TL;DR: Both Principal Components Analysis (PCA) and Minor Components Analysis (MCA) can be used for dimensionality reduction, identifying low-dimensional subspaces of interest as those which have the greatest variation in the original data (PCA), or those which have the least variation in the origina data MCA). As real data will contain both directions of unusually high variance and directions of unusually low variance, using just PCA or just MCA will lead to biased estimates of the low-dimensional subspace. The 2003 NeurIPs paper from Welling et al unifies PCA and MCA into a single probabilistic model XCA (Extreme Components Analysis). This post explains the XCA paper of Welling et al and demonstrates the XCA algorithm using simulated data. Code for the demonstration is available from https://github.com/dchoyle/xca_post

A deadline

This post arose because of a deadline I have to meet. I don’t know when the deadline is, I just know there is a deadline. Okay, it is a self-imposed deadline, but it will start to become embarrassing if I don’t hit it.

I was chatting with a connection, Will Faithfull, at a PyData Manchester Leaders meeting almost a year ago. I mentioned that one of my areas of expertise was Principal Components Analysis (PCA), or more specifically, the use of Random Matrix Theory to study the behaviour of PCA when applied to high-dimensional data.

A recap of PCA

In PCA we are trying to approximate a d-dimensional dataset by a reduced number of dimensions k < d. Obviously we want to retain as much of the structure and variation of the original data, so we choose our k-dimensional subspace such that the variance of the original data in the subspace is as high as possible. Given a mean-centered data matrix \underline{\underline{X}} consisting of N observations, we can calculate the sample covariance matrix \hat{\underline{\underline{C}}} as 1,

\hat{\underline{\underline{C}}} = \frac{1}{N-1} \underline{\underline{X}}^{\top} \underline{\underline{X}}

Once we have the (symmetric) matrix \hat{\underline{\underline{C}}} we can easily compute its eigenvectors \underline{v}_{i}, i=1,\ldots, d, and their corresponding eigenvalues \lambda_{i}.

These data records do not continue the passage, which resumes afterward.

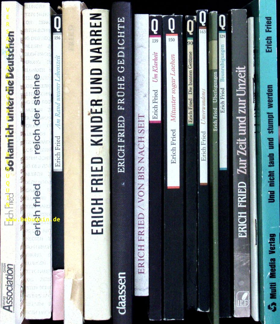 FRIED, Erich: Großes Konvolut mit über 30 Titeln. Dabei 18 Erstausgaben: WG² 15, 18, 22, 27, 51, 53, 54, 62, 69, 73, 75, 76, 81, 84, 91, 94, 99, 101. insgesamt 33 Bände. Berlin (Wagenbach u.a.), 1963 ff. zusammen mehrere tausend Seiten. OKart. sowie OPb. sowie OLn. überwiegend sehr gut erhalten. Umfangreiche Sammlung.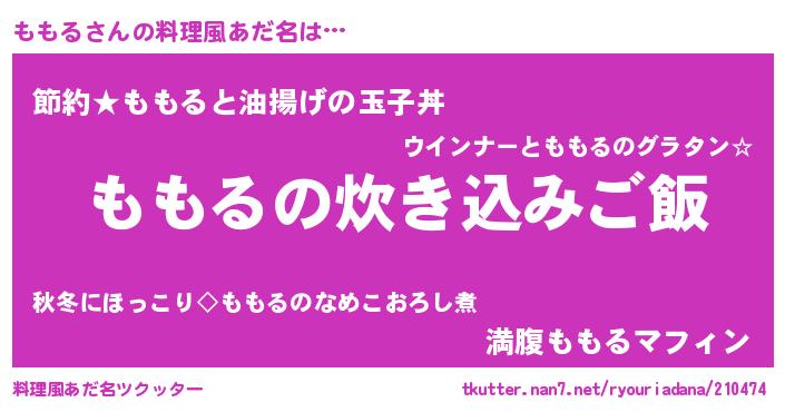 | ファンタジー風あだ名 | 『カークモモラー』『モモフェル』 |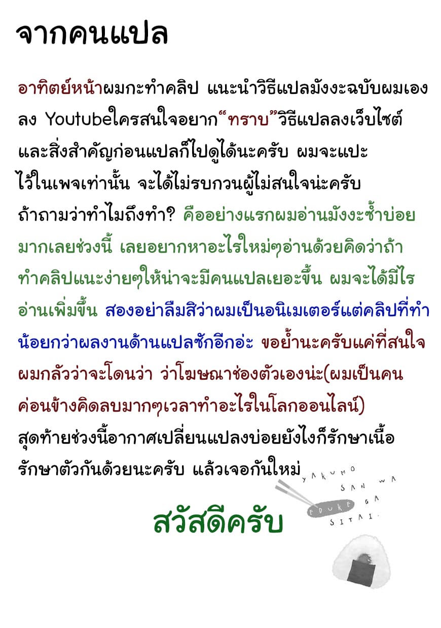 ตอนนี้คุณกำลังอ่านมังงะเรื่อง Yakumo-san wa Edzuke ga Shitai. ตอนที่ 17 ที่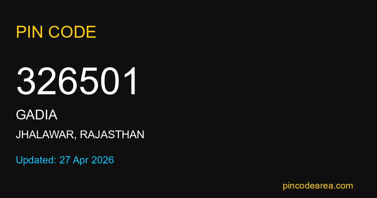 326501 PIN Code is assigned to Gadia Post Office located in Jhalawar district of Rajasthan. It helps identify the exact delivery area for postal and courier services.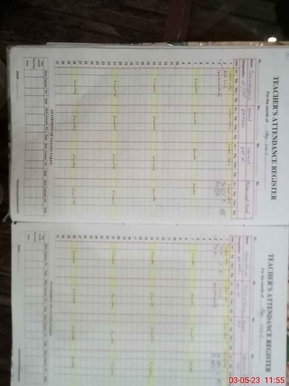 | Total no. of Classrooms: 7 No. of Classrooms Used for Teaching: 7 No. of Classrooms Storing Old Furniture, FTBs, etc: 0Comments if Any: NSB record register not updated from March to April 2023 Bank account statement also not available FTF record register not updated from September 2022 to April 2023 |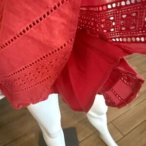 This elegant dusty pink/ red eyelet dress is perfect for any occasion. Its intricate design and flattering fit make it a must-have in your wardrobe. Smocking at the back for a nice fit. Puff sleeves. Mini length with lining. Size xs. Happy to give measurements upon request!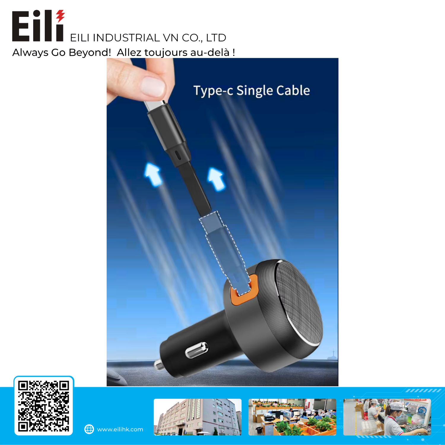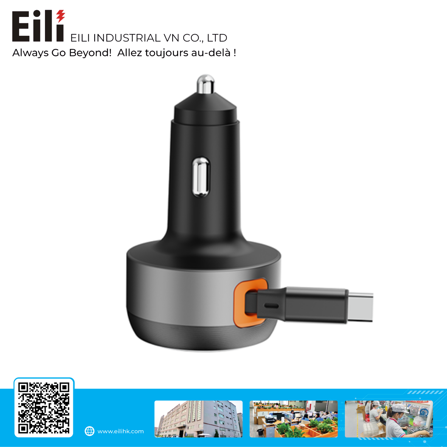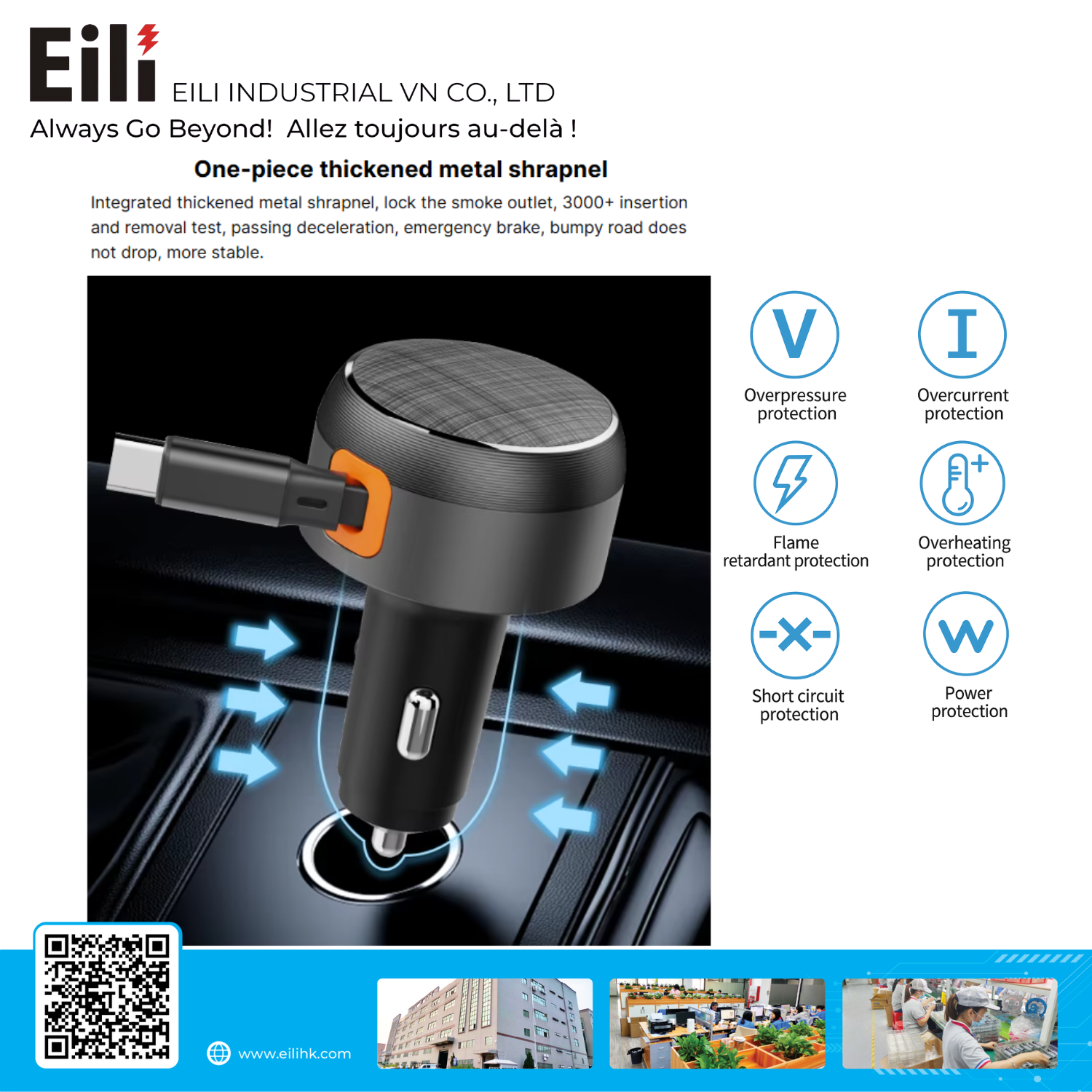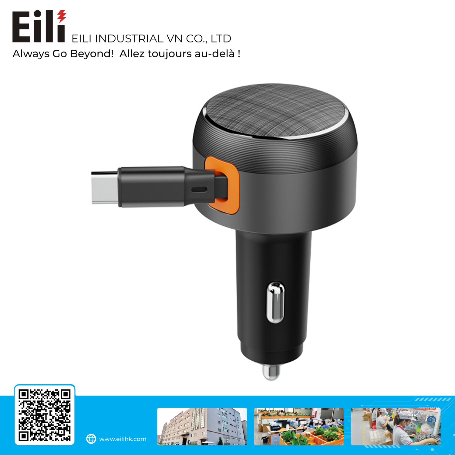 The 30W Car Charger features a built-in retractable USB-C cable, providing fast and convenient charging while keeping your car tidy. Its retractable cable design prevents tangling, saves space, and makes it easy to store when not in use. Compact and lightweight, this charger is perfect for smartphones, tablets, and other USB devices on the go.

The optimal k-dimensional PCA subspace is then spanned by the k eigenvectors of \hat{\underline{\underline{C}}} that correspond to the k largest eigenvalues of \hat{\underline{\underline{C}}}. These eigenvectors are the directions of greatest variance in the original data. Alternatively, one can just do a Singular Value Decomposition (SVD) of the original data matrix \underline{\underline{X}}, and work with the singular values of \underline{\underline{X}} instead of the eigenvalues of \hat{\underline{\underline{C}}}.

That is a heuristic derivation/justification of PCA (minus the detailed maths) that goes back to Harold Hotelling in 19332. There is a probabilistic model-based derivation due to Tipping and Bishop (1999), which we will return to later.

MCA

Will responded that as part of his PhD, he’d worked on a problem where he was more interested in the directions in the dataset along which the variation is least. The problem Will was working on was “unsupervised change detection in multivariate streaming data”. The solution Will developed was a modular one, chaining together several univariate change detection methods each of which monitored a single feature of the input space. This was combined with a MCA feature extraction and selection pre-processing step. The solution was tested against a problem of unsupervised endogenous eye blink detection.

The idea behind Will’s use of MCA was that for the streaming data he was interested in it was likely that the inter-class variances of various features were likely to be much smaller than intra-class variances, and so any principal components were likely to be dominated by what the classes had in common rather than what had changed, so the directions of greatest variance weren’t very useful for his change detection algorithm.

I’ve put a link here to Will’s PhD in case you are interested in the details of the problem and solution – yes, Will I have read your PhD.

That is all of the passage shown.